When I was 29, and my gentle, compassionate, kind friend from our missionary high school wrote our entire class to tell us why he couldn’t come to our reunion and why he’d never see us again — because he was gay, so he’d had to choose between God and not killing himself — and, well, in the nicest possible way, said that we could go fuck ourselves because he wasn’t dying for any of this crazy, conservative Christian bullshit, you lost me. You lost me like my friend never did.

When Christianity became an In-Club with its own subculture and language rooted in white, middle class America — when Christianity was bought and sold to the Republican Party through the efforts of Jerry Falwell and Pat Robertson and fears about the Supreme Court — you lost me. When James Dobson and Franklin Graham took up their hypocritical banner, you lost me again.

When you taught me that blasphemy and taking God’s name in vain meant uttering the phrase “oh my God” — as though avoiding those three words completely fulfills one of only ten commandments — as though “oh my God” said in horror isn’t the deepest prayer for help — you lost me. When you buried the idea that blasphemy is spreading lies in the name of God, in favor of a simplistic phrase — when you didn’t look deeper — your vapid explanation lost me.

When you told me drinking wine was different in Jesus’ time — that the alcohol wasn’t as potent so it was OK that Jesus drank but it’s not OK to do it today — that Jesus didn’t really mean “do this in rememberance of me,” like his goal wasn’t communal worship over wheat and wine — like his first miracle wasn’t turning water to wine for a party that had already drunk its fill — you lost me.

When you told me God created the world 6,000 years ago — when you said, specifically, during college chapel that believing in evolution was the same as disbelieving in God — when you denied science the way the Church in Galileo’s time denied the earth revolved around the sun — you lost me. As though God is too small to set evolution in motion. As though evolution isn’t a miracle all on its own.

When you told me you’re certain your interpretation of the Bible is the only interpretation — when you said the meaning of the Bible in whatever English translation you prefer is clear — when you said homosexuality was a “lifestyle choice” and an “abomination” and changed your mind to “orientation” when the science became clear — when you still insisted that our homosexual and transsexual and bisexual and pansexual and polysexual and queer and questioning and human neighbors may exist but may not practice their sexuality within the parameters of Godliness — when you said the theology on sexuality is different than our former, historical theological justifications for slavery or women remaining silent in church or the sun revolving around the earth — you lost me. When you said you believe in a static understanding of the Bible outside of context and history and oral recitation and science and poetry and translation — when you ditched the beautifully mysterious and mystical meanings of God’s Word who was made flesh in Jesus Christ — when you denied the Holy Spirit has come with fire to be an ongoing revelation to God’s people — you lost me completely.

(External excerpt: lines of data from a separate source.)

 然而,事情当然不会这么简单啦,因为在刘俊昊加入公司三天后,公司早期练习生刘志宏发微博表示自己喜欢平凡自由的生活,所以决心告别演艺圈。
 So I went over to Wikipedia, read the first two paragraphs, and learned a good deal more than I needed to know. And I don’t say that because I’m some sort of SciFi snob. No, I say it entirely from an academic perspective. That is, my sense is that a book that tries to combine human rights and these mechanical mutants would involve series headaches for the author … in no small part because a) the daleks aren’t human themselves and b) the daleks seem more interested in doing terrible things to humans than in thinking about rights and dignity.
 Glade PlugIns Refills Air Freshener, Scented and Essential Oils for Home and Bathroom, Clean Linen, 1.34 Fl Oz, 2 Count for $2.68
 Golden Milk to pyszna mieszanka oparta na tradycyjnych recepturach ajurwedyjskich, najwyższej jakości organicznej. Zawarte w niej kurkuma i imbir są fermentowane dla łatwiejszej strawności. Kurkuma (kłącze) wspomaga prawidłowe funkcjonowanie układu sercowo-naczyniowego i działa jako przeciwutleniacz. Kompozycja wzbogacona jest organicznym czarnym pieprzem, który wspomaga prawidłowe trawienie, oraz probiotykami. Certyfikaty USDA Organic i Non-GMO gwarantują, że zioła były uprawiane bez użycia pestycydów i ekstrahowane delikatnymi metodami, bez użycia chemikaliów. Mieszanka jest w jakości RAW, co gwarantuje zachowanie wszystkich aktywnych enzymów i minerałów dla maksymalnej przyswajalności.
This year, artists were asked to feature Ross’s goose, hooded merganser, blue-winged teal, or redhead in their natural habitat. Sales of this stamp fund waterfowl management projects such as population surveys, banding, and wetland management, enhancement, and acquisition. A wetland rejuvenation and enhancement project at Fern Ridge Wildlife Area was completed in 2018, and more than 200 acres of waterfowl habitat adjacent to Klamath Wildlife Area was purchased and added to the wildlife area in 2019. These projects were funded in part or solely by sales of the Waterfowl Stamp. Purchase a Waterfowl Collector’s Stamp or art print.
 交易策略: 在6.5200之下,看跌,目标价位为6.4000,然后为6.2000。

When I watched people suffer and become more disenfranchised than ever because of your interpretation of Scripture and your imposition of that on their lives, so very unlike Jesus’ response to the marginalized, you lost me.

When you became more concerned about protecting our borders in the isolationism sweeping the globe than protecting the most vulnerable who are trying to flee to us, crying out for help — when you didn’t say like Jesus, “let the little children come to me” — you lost me.

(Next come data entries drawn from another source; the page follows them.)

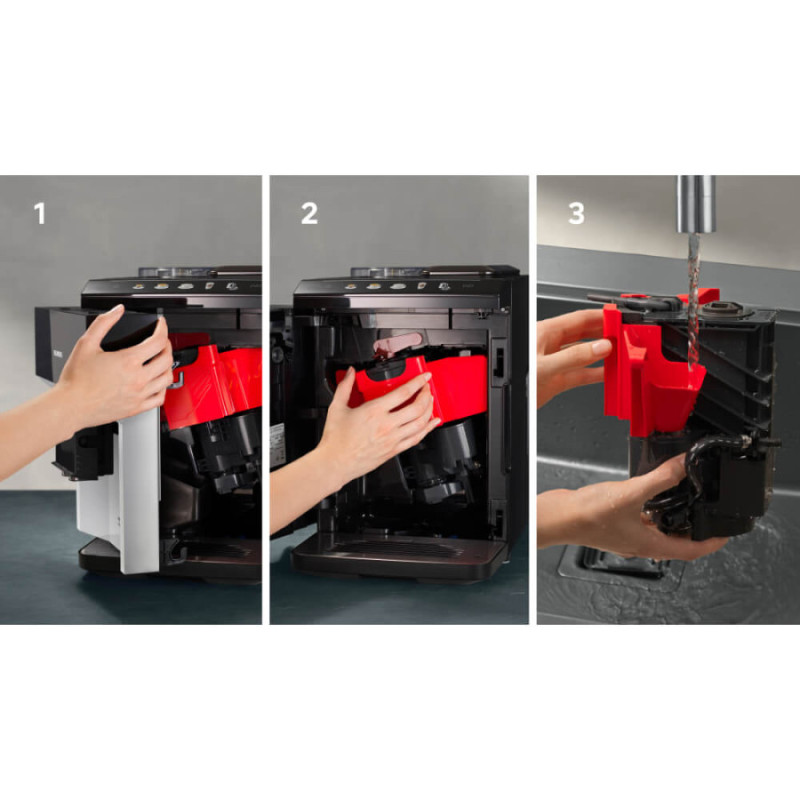 Система автоматичного очищення та видалення накипу (Calc’nClean) подовжує термін служби пристрою. Знімний заварювальний блок легко миється під проточною водою, а автоматичне промивання після кожного використання забезпечує бездоганну чистоту.
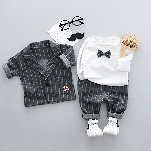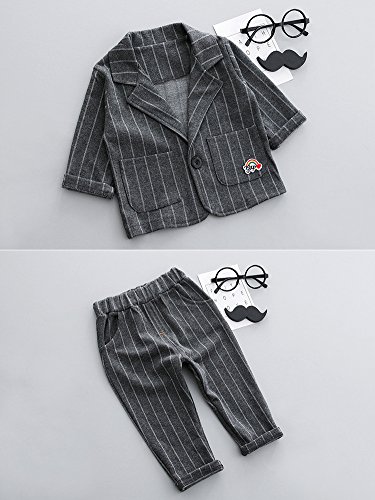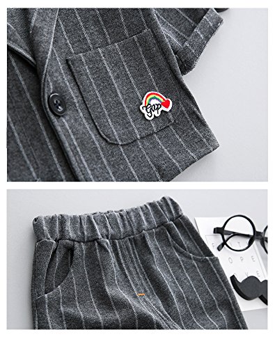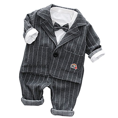 男の子 スーツ Cuteshower 子供スーツ ベビー服 フォーマル 洋服 お宮参り 入園式 結婚式 七五三 3点セット ストライプ グレー 80cm
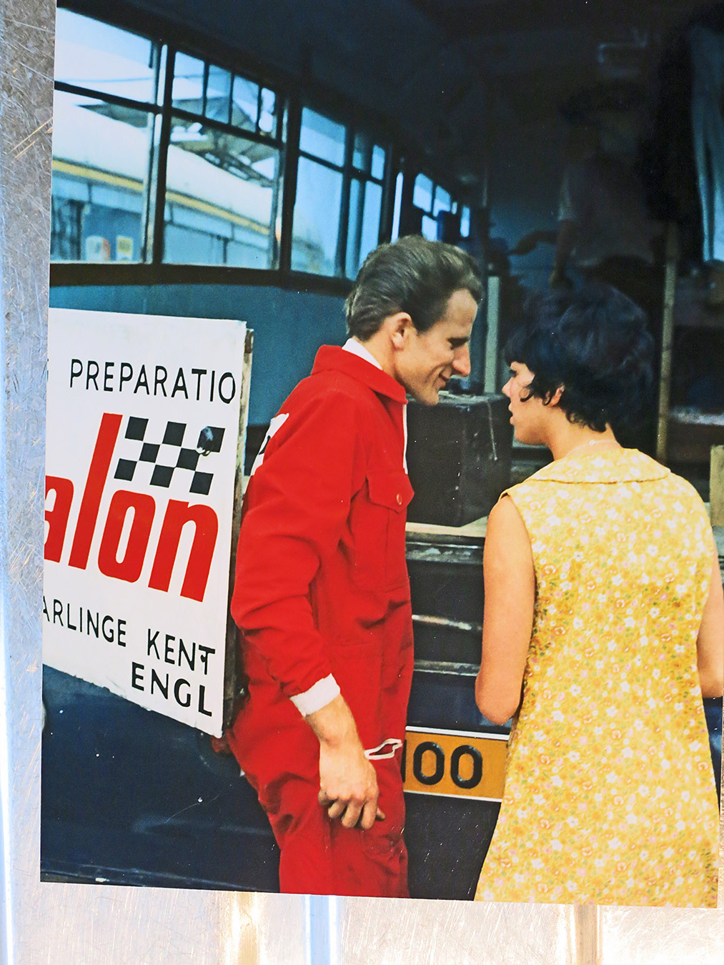 I was stuck for some months in 1970 so he came along for the crack of it and it was great to have been working with him when he helped with the T70. We did Thruxton and some Scandinavian races. In the photo he is belting me in the D&A Shells Lotus F2 car at Thruxton.
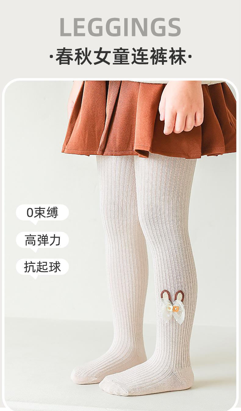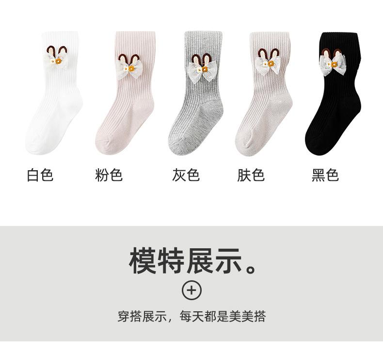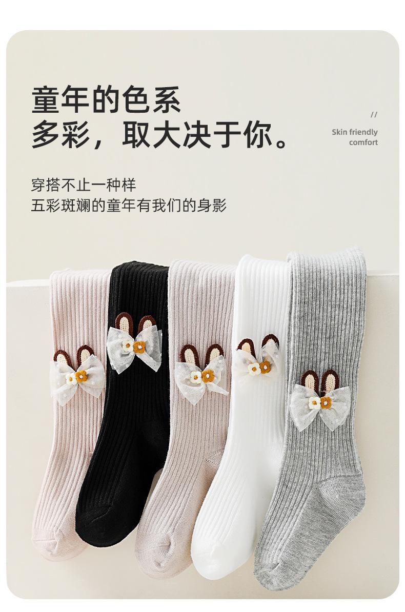 Amazon Transfronterizo Mallas de Primavera para Niñas Lindas Orejas de Conejo Algodón Fino Lazo Bebé Infantil Leggings
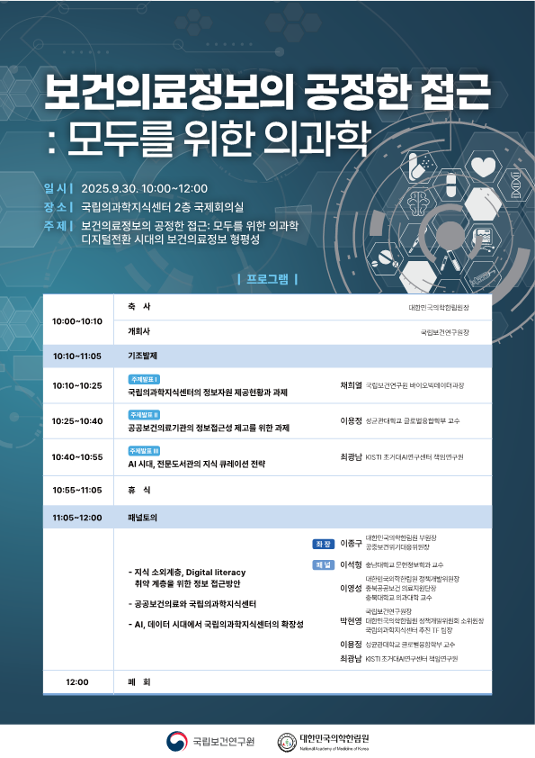 2025년 09월 30일에 제 25회 보건의료포럼 "보건의료정보의 공정한 접근: 모두를 위한 의과학" 을 아래와 같이 개최하고자 합니다.
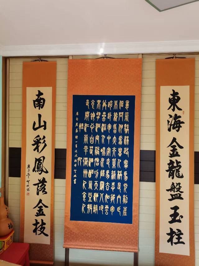 王登林简介王登林,生于1947年,自幼喜欢写毛笔字。退休以后重拾旧时爱好,师从著名书法家任政弟子李文学、周庆祥老师学习金粉字。平时刻苦努力,每天摹写八个小时以上,天长日久终于攻克了金粉篆书。2013年获首届上海市民文化节入围奖,2014年又获上海市篆隶书法入围奖。还获得上海中华书画协会第二十四届“文明杯”金奖、上海中华书画协会第二十五届“造币杯”一等奖、上海国际书画摄影大赛金奖。历练让金粉书家王登林先生拥有了一双发现美的眼睛,在他“豪华靓丽之品,道骨仙风之相”书法作品中诠释无遗,赢得了业内人士的诸多好评,影响深远,市书协主席宜家鑫看了先生金粉篆书后给予了一绝的高度评价。王登林先后加入上海中华书画协会、平凉街道书画会、红商事清韵杨浦画院、静安区书法协会,和市书协老龄委。现为上海书法家协会会员。
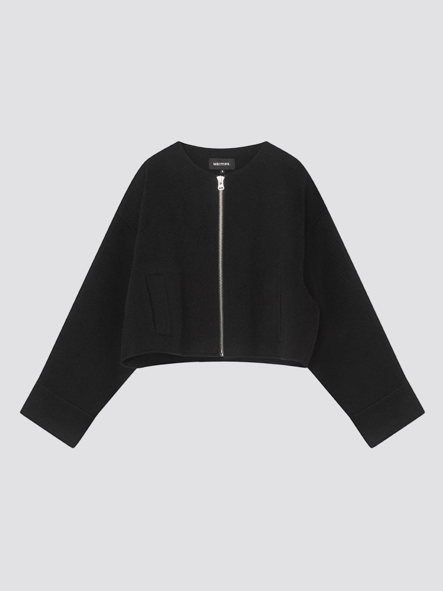 The Karla Cropped Wool Jacket is crafted from a soft wool blend and designed with a modern, cropped silhouette. It features a sleek zip closure, dropped shoulders for a relaxed fit, and two discreet welt pockets, combining effortless style with practical elegance. The model is 175 cm tall and wears size Small.

When you told people to come as they are, and I knew it really, secretly meant “come as you are so we can change you, and if you fail to conform in time, you’ll have to leave” — when I berated myself for thinking that was uncharitable, and it ended up being true — you lost me.

When you told me after my miscarriage to examine my life for sin, and you wished I’d bothered to listen to the tapes on how to have a Christian pregnancy, and if only I’d tithed more to the Church so I didn’t lose my first born like the cattle of the Israelites, you lost me.

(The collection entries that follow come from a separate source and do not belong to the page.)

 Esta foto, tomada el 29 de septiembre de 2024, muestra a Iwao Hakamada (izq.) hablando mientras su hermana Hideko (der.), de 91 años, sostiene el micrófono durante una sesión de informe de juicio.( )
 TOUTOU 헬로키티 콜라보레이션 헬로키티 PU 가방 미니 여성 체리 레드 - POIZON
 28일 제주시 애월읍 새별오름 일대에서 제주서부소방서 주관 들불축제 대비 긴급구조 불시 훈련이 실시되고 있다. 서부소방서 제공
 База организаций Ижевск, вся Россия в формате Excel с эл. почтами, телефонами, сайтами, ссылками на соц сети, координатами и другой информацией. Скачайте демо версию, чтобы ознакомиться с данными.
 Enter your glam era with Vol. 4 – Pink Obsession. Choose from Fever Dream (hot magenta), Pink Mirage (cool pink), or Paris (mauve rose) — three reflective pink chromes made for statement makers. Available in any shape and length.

When you told me my genitalia affects who I’m allowed to teach and which platforms I’m allowed to take — whether I can preach, which men can do, versus “bring a message,” which women are allotted — whether I can be in leadership or must submit to those with different genitalia — you lost me.

When I brought home my precious baby girl from Vietnam and you said, “At least she’s not black,” you lost me.

When I spoke what I believed in earnest — out loud and in public — and you punished and shunned me and told me you’d probably forgive me eventually but you couldn’t say when, you lost me.

When Jesus’ example was to make wine for drunk people at a wedding, to break the Sabbath to pull an ox and its farmer’s livelihood from a ditch, to bodily block the stone throwers, to furiously upend the tables of people cheating the poor from inside the Temple, to eat with hookers, to abandon the rules in favor of loving his neighbor — and you wanted to monitor the length of my skirt, and which words I could utter, you lost me.

When I finally realized you taught me to be polite and quiet because it upheld the power structure and made those oppressing others more comfortable, rather than upheld Jesus’ radical example and God’s great love of every person, you lost me.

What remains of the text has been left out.